Last week when I stepped out onto the main street, I saw confetti in the road. There's no sidewalk, just a paved road for the cars and a smelly, dusty shoulder for anyone unfortunate enough to be walking. And that day, the road was covered with bright pinky-red and white confetti. No, the red was rose petals. I peered down at my feet as I trotted along. The white bits were long and thin, and for a moment I thought they might be jasmine petals. But they were puffed rice. I looked up. The street was still covered with rose petals and puffed rice, and a few whole roses lay in the road as well. I pictured a wedding car strewing flowers and rice as it passed. It didn't seem likely, though. Weddings are so common, and I've never seen such a thing before.
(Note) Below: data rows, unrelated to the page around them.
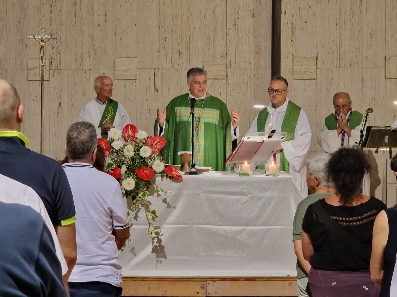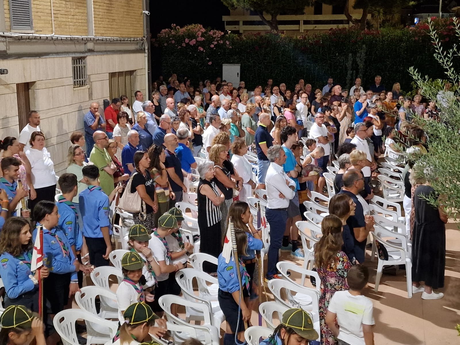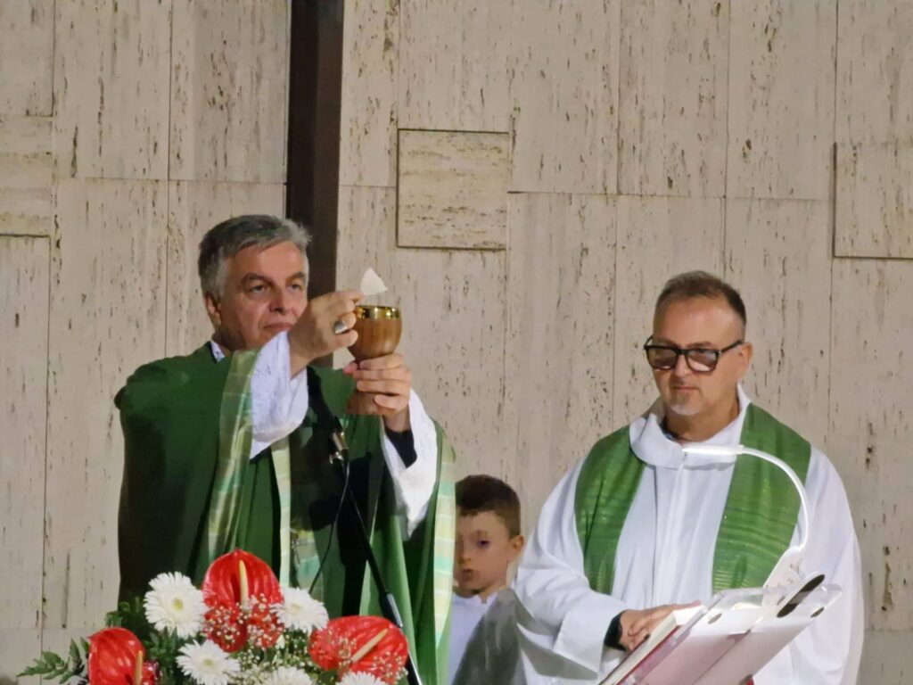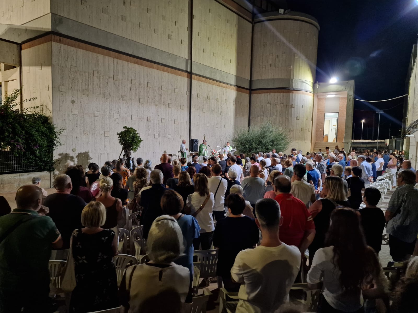 Nello spazio tra la Chiesa e la casa parrocchiale era stato allestito un altare ed una platea, gremita di persone con tantissimi ragazzi e giovani, che hanno animato i canti, soprattutto gli Scout in modo mirabile al fresco della sera. Il Vescovo è stato applaudito e la celebrazione è iniziata con semplicità e tanta fede.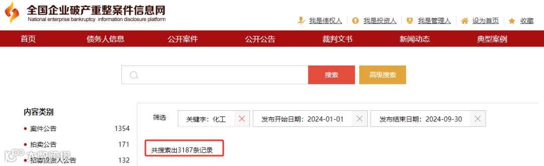 据全国企业破产重整案件信息网数据,今年前三季度,化工行业今年内破产重整的案件共3187条记录。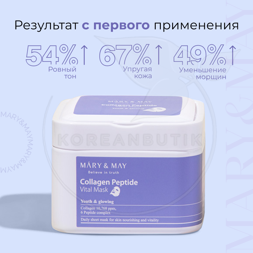 10 цен на Подарочный набор тканевых масок c пептидами | Mary&May Collagen Peptide Vital Mask 30ea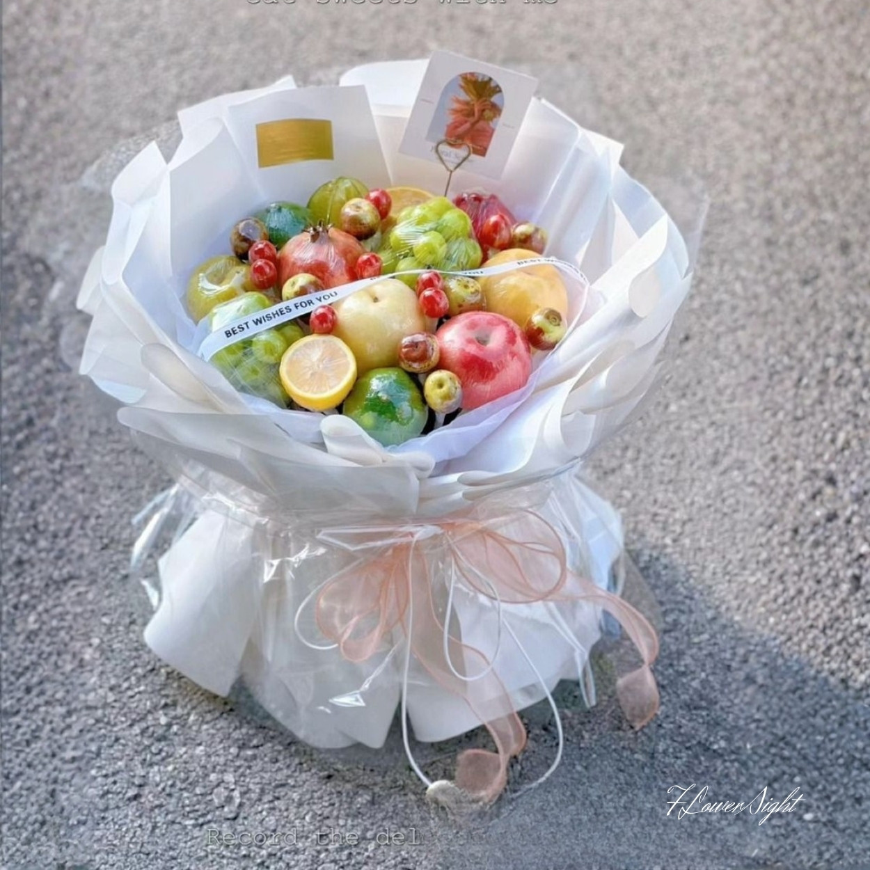 Valentina là cách tôi kể câu chuyện về sự tươi mới bằng trái cây. Trên nền giấy gói trắng tinh khiết, từng quả nho căng mọng, táo sáng bóng, cam chín thơm, lựu đỏ quyến rũ và khế xanh mát được sắp đặt theo bố cục vòm tròn cân đối. Một chiếc nơ trắng hồng nhẹ nhàng khép lại tổng thể, tạo cảm giác trong trẻo và trang nhã ngay từ cái nhìn đầu tiên. Bó hoa trái cây này không chỉ đẹp, mà còn chạm tới xúc giác và khứu giác, để mỗi lần mở lớp giấy là một lần gặp lại mùi vị dịu ngọt của bốn mùa.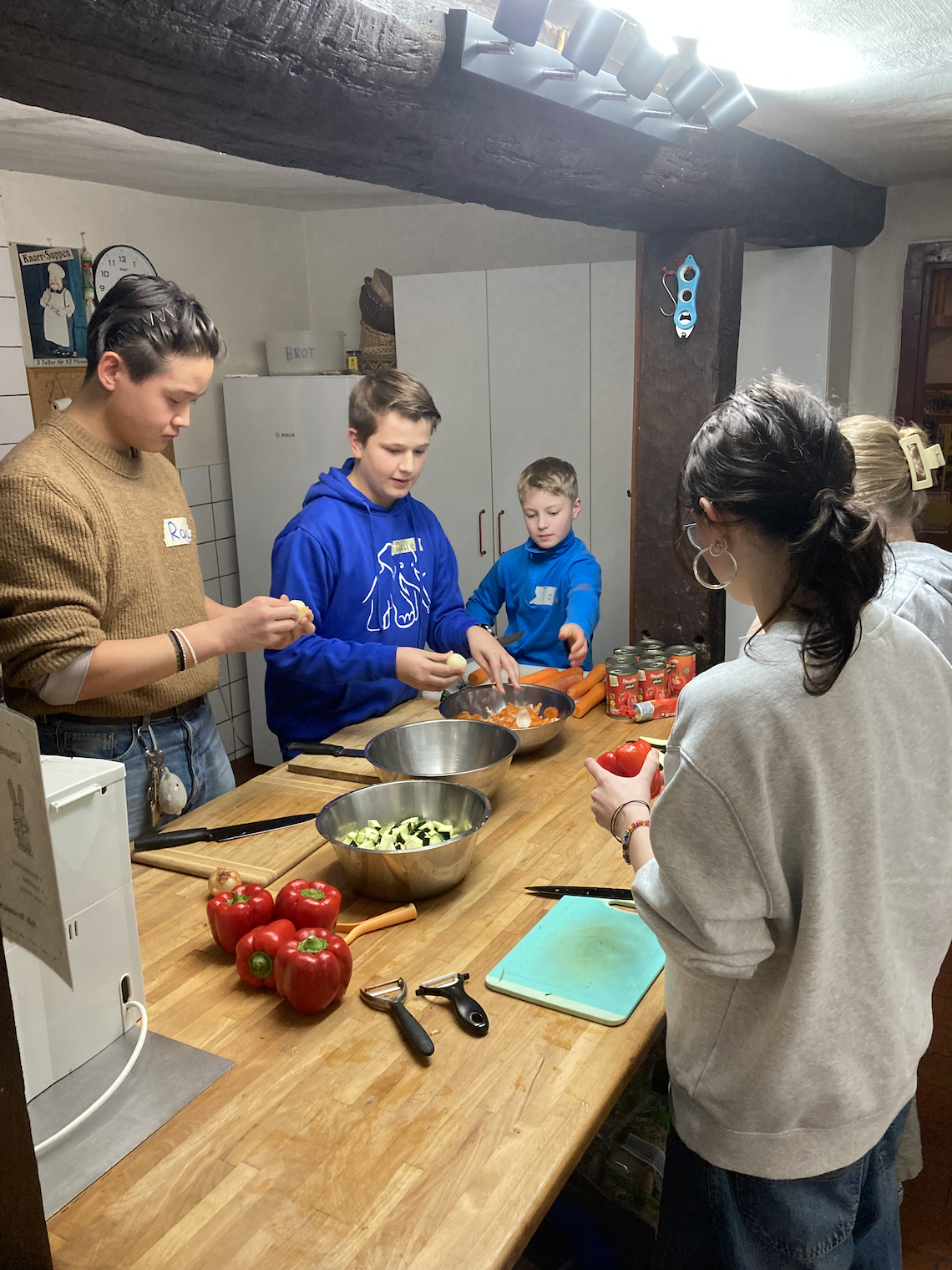 Nachdem freitagabends alle Schülerinnen und Schüler den Weg zur Steinesmühle gefunden und ihre Zimmer bezogen hatten, wurde gemeinsam geschnippelt, gekocht und gegessen. Das gemütliche Miteinander des ersten Abends wurde genutzt, um die Erwartungen, Wünsche und Ziele der Gruppe hinsichtlich des SV-Wochenendes zu sammeln und ihn letztlich mit unzähligen Runden Werwolf ausklingen zu lassen.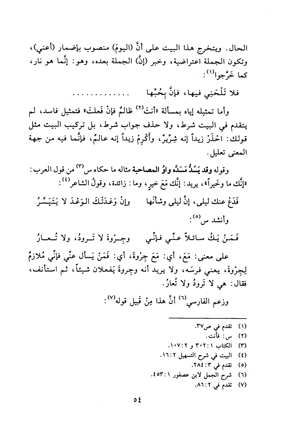 وأما تمثيله إياه بمسألة "أنت ظالم فإن فعلت" فتمثيل فاسد، لم يتقدم في البيت شرط، ولا حذف جواب شرط، بل تركيب البيت مثل قولك: احذر زيدًا إنه شرير، وأكرم زيدًا إنه عالم، فإنما فيه من جهة المعنى تعليل.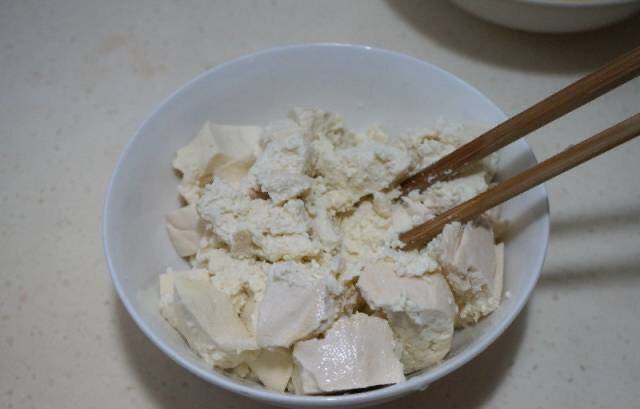 1、将豆腐沥净水分,搅成细泥。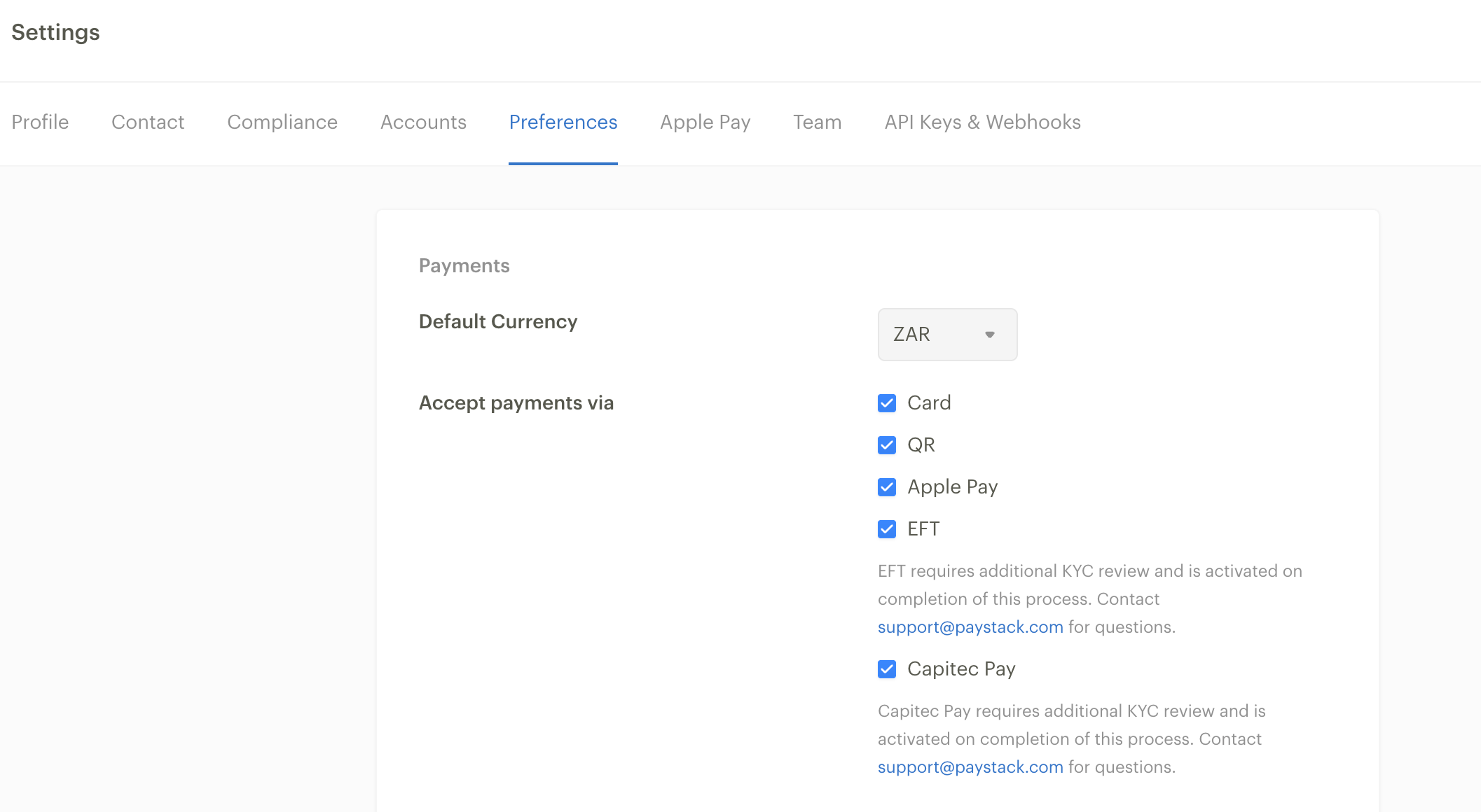 EFT and Captiec Pay require an additional KYC review. If your business has recently gone live, please allow for 3 business days for the method to appear in the checkout or contact support@paystack.com for assistance.

I remembered seeing a funeral procession long ago, my first year in India. The man pushing the wheeled bier kept reaching up to the garlands that hung just above his forehead to pull off a few petals and drop them along his path. But those were marigolds. Today's carpet of flowers was not for a funeral.
As I turned the corner, I smelled roses over the ordinary myriad of odors. Perhaps they had poured out rose water as well. How else could the fragrance of roses compete with reek of an open drain? But the road was strewn with petals far as the eye could see. I remembered the Ganesh temple down the way just out of sight, and imagined an open cart with a silver statue of the god inside. Perhaps it had moved slowly up the street as priests and devotees showered the god with roses and rice.
Who knew? Probably everyone else in town, but not I. I was just grateful as I waited for the bus and smelled the flowers.